Non-gonadal female somatic tissues show sex-biased expression of genes related to reproductive processes (Figure (Figure6c).6c). Vitellogenesis (P < 2 × 10-5) is required for egg development, as the vitellogenin or yolk proteins synthesized in the female fat body are the major component of a mature egg. The second category of proteolytic processing (P < 8 × 10-4) might reflect the process required for generating yolk proteins. Ribosomal protein encoding genes are also over-represented (P < 1 × 10-6) in the non-gonadal female soma transcription profile. Similarly, element species encoding lysosome components (P < 2 × 10-5) are over-represented. These functions probably reflect the dual anabolic and catabolic metabolism required to support egg development.
The male reproductive tract includes several additional somatic structures in addition to the testis. For example, the seminal fluid components of the ejaculate are produced in the accessory glands. These glandular secretions mediate sperm competition, reduce post copulatory mating by recipient females, and increase egg laying rates . These element species with 'extracellular' function are over-represented in the male expression profile (P < 4 × 10-5) (Figure (Figure6d6d).
A whole genome transcriptional profile enables us to investigate the genomic organization of tissue-specific gene batteries. Previous experiments have shown that there are significantly fewer genes with male-biased expression on the X chromosome [23,24]. The fourth chromosome is enriched in genes with soma-biased expression (not shown). On a more local level, Drosophila genes with tissue-, temporally-biased expression patterns have been shown to be concentrated in neighborhoods of contiguous genes . We asked if genes with sex-biased expression show a similar sub-chromosomal level organization.

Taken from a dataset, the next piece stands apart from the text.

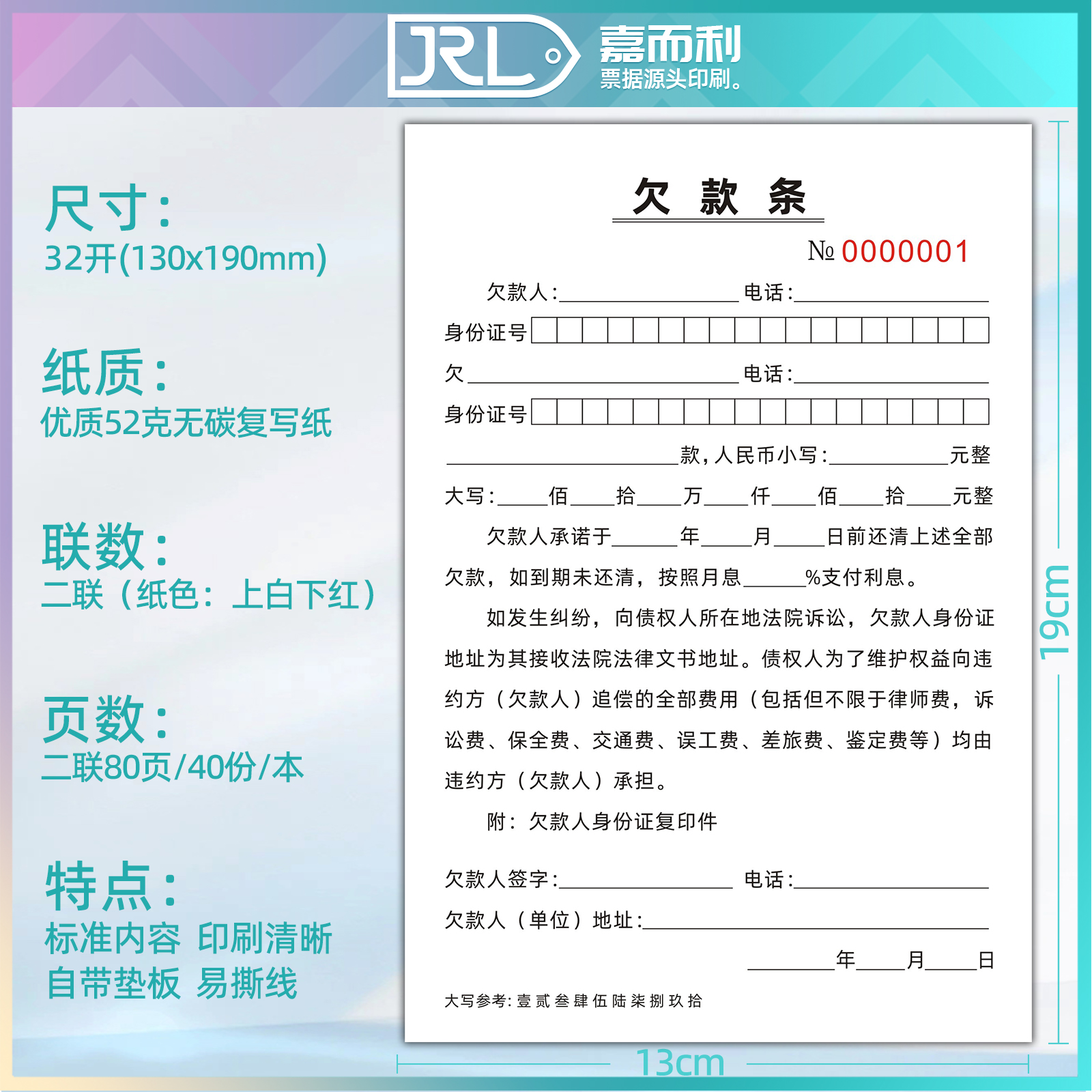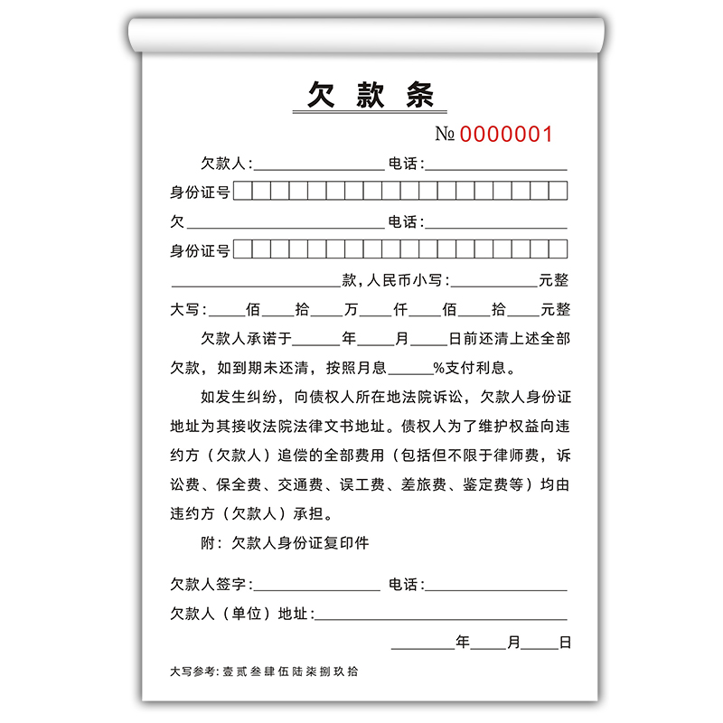 法律认可欠条本二联欠款单欠款条欠工程货款借条借款据账单可订做

We first examined a heat map of cross-normalized intensities by position along the chromosome arms (not shown). While there were patterns of alternating bands of genes showing greater or lesser intensity along the chromosomes, similar but not as obvious as those reported for embryo and adult , these patterns were also seen in randomized datasets, albeit at a lower frequency. Additionally, these patterns were less striking than those seen when plotting normalized intensity versus process parameters such as position in the microarray. (The FlyGEM platform we used is printed randomly with respect to genome position, so these process artifacts do not affect our previously reported reduction in the density of genes with male-biased expression on the X chromosome , nor the neighborhoods reported below.)
Given that the concept of gene expression neighborhoods is relatively new, we were interested in identifying the most significant examples for detailed future study. To do so, we examined the distribution of element species with both highly ovary-, testis-, or soma-biased expression and high intensity to avoid low intensity noise. This resulted in 791 element species with testis-biased hybridization, 129 element species with ovary-biased hybridization, and 287 element species with soma-biased hybridization, which we mapped onto the genome (Figure (Figure7).7). We also generated randomized datasets to determine if the distribution pattern of ovary-biased, testis-biased, or soma-biased expression is non-random. To do this, 100,000 randomizations were performed for each gene position over windows (consecutive genes along the chromosome) ranging between five to 200 genes. We used sliding windows of various sizes to determine how often an equal or greater number of elements reporting highly biased expression occurred in a random set versus the real data. A total of 20 gene expression neighborhoods were identified with a P-value < 10-3, 15 at P <10-4 and seven at the lowest possible P-value of <10-5 (0/100,000). The most clear-cut examples of gene expression neighborhoods include approximately 10 genes within a chromosomal region spanning between 20 to 40 genes (Figure (Figure8).8). This is consistent with the report of 10- to 20-gene expression neighborhoods shown in microarray analysis of Drosophila embryonic versus adult transcription .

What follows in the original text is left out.